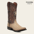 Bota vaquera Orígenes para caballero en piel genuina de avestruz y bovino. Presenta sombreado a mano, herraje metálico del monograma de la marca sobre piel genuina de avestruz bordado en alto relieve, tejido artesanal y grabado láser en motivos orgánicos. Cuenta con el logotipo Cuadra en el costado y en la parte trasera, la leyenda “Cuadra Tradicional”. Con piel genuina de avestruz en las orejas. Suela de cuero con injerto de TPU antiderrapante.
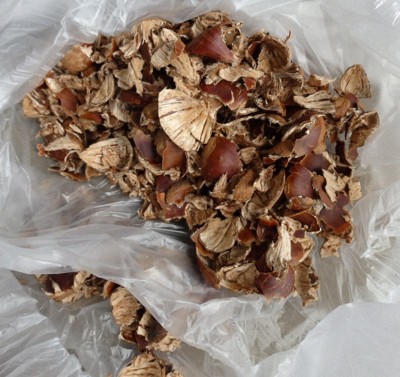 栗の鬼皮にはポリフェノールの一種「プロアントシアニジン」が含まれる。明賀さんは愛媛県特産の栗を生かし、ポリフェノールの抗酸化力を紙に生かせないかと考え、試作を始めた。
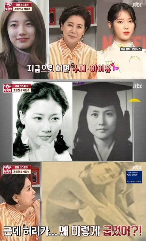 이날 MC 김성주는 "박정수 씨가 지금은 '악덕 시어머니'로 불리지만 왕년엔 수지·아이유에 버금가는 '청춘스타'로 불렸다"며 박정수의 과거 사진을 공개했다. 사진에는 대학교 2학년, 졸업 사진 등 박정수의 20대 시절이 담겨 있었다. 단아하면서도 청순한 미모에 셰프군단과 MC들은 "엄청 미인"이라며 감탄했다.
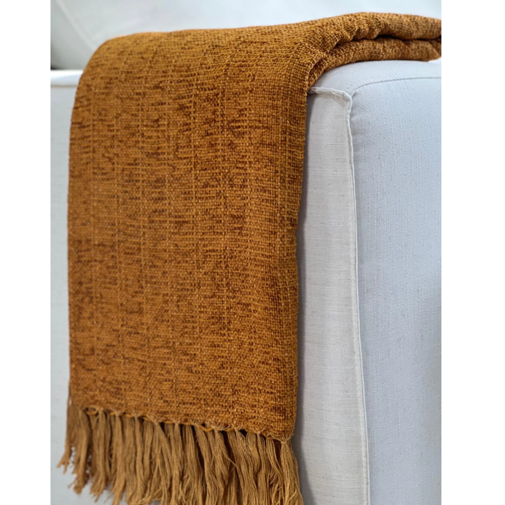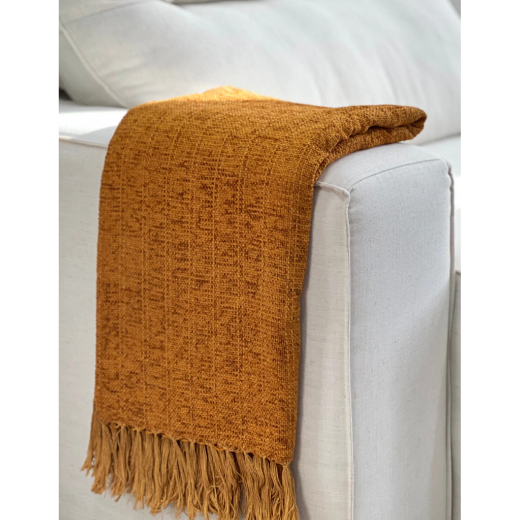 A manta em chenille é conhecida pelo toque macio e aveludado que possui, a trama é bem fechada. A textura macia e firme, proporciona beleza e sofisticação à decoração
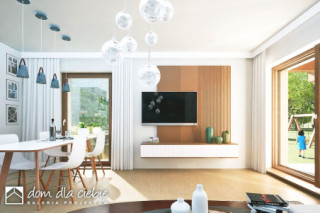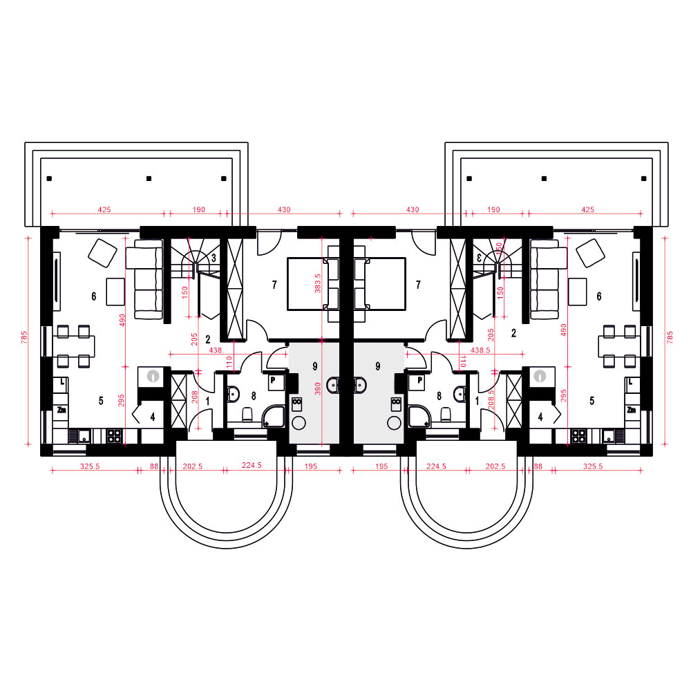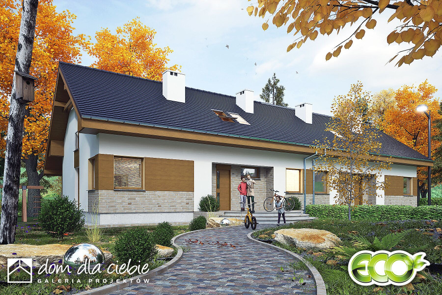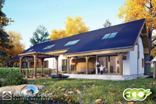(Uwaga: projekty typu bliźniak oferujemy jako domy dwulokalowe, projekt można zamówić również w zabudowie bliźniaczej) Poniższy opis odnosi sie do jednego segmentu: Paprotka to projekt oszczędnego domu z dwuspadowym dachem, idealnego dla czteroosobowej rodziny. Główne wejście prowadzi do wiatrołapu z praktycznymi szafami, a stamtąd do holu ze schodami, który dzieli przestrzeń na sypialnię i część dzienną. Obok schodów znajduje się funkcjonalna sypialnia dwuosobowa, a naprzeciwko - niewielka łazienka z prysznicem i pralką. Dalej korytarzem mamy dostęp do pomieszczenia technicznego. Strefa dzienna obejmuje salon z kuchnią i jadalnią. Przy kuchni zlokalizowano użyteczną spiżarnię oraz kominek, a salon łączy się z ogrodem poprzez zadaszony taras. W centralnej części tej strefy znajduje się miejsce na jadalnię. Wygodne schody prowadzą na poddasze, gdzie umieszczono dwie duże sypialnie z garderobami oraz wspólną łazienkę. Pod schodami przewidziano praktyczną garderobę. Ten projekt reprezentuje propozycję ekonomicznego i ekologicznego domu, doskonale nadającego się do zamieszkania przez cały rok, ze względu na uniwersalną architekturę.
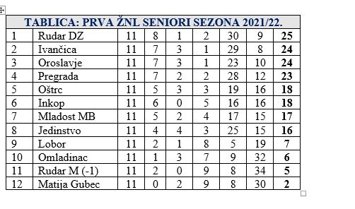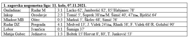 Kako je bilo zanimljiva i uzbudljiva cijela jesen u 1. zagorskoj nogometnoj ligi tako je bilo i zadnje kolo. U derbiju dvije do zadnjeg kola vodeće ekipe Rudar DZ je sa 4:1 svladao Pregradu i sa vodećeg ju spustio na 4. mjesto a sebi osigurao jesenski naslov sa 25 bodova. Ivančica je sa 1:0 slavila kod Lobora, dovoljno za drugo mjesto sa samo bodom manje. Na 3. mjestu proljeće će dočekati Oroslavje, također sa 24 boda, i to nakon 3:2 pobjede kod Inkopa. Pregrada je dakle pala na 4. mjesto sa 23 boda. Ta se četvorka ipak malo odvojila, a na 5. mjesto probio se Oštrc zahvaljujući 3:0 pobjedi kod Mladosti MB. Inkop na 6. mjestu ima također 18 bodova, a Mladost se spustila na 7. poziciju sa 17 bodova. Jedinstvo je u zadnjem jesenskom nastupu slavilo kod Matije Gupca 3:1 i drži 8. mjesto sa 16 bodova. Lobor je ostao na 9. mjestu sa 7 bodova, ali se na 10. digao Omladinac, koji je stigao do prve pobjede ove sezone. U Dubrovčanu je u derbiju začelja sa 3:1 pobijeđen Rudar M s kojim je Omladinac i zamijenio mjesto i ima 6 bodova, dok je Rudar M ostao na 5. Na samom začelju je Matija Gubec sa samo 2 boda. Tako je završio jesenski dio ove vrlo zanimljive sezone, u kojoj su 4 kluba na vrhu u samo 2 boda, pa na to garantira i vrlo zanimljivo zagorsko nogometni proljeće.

---

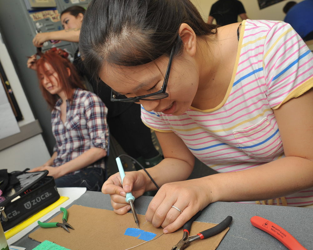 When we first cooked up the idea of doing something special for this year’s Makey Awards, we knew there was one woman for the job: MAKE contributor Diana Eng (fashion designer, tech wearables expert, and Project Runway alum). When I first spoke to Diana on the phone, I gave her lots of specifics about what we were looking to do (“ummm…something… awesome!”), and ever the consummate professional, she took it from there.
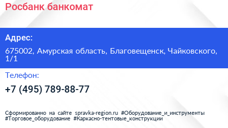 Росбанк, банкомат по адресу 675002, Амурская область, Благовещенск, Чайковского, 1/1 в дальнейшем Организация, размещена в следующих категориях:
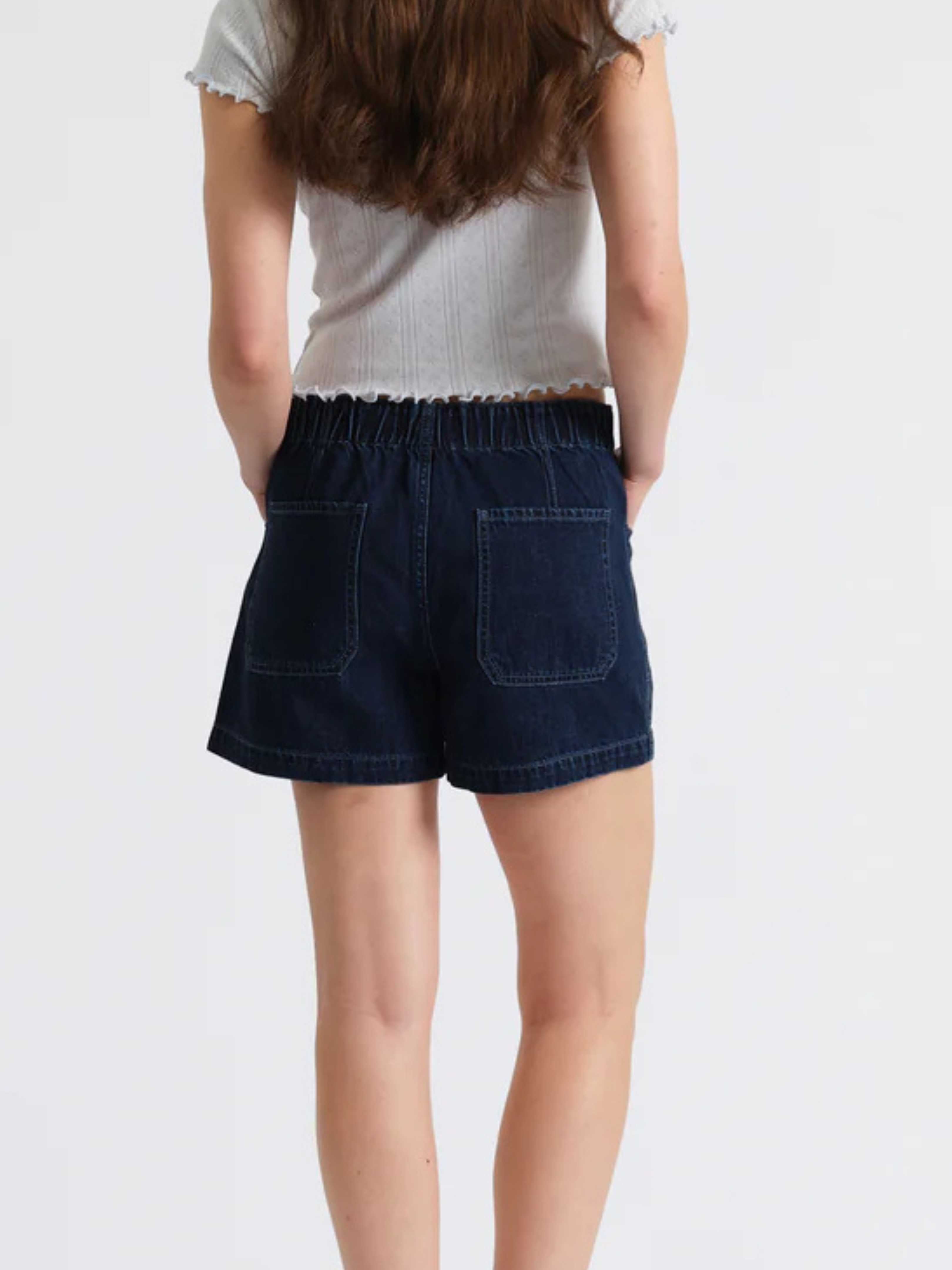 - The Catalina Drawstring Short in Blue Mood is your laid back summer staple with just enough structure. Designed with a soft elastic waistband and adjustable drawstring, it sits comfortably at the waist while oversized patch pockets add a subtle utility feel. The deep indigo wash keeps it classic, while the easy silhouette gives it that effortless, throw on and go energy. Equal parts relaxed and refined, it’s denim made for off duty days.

==

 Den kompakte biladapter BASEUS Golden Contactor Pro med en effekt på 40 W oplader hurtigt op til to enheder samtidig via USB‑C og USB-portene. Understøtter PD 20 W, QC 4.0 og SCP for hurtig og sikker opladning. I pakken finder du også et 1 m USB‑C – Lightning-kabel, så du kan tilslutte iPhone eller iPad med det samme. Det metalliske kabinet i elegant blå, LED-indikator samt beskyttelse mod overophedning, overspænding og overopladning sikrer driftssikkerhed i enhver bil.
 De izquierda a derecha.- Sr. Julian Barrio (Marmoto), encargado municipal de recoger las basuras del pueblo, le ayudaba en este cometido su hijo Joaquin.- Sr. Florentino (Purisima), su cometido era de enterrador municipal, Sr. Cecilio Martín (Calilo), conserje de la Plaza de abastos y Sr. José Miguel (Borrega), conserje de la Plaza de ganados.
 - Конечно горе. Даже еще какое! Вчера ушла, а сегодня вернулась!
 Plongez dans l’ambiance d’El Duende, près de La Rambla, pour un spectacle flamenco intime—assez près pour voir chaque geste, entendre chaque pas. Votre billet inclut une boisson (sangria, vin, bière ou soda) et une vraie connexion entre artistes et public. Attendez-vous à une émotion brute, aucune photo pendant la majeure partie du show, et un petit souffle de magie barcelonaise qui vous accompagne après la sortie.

(Activity)
Using the data above, repeat exactly the lines that begin at the line with "- Конечно горе." and end at the line with "Plongez dans l’ambiance", both ends included.

(Task response)
 - Конечно горе. Даже еще какое! Вчера ушла, а сегодня вернулась!
 Plongez dans l’ambiance d’El Duende, près de La Rambla, pour un spectacle flamenco intime—assez près pour voir chaque geste, entendre chaque pas. Votre billet inclut une boisson (sangria, vin, bière ou soda) et une vraie connexion entre artistes et public. Attendez-vous à une émotion brute, aucune photo pendant la majeure partie du show, et un petit souffle de magie barcelonaise qui vous accompagne après la sortie.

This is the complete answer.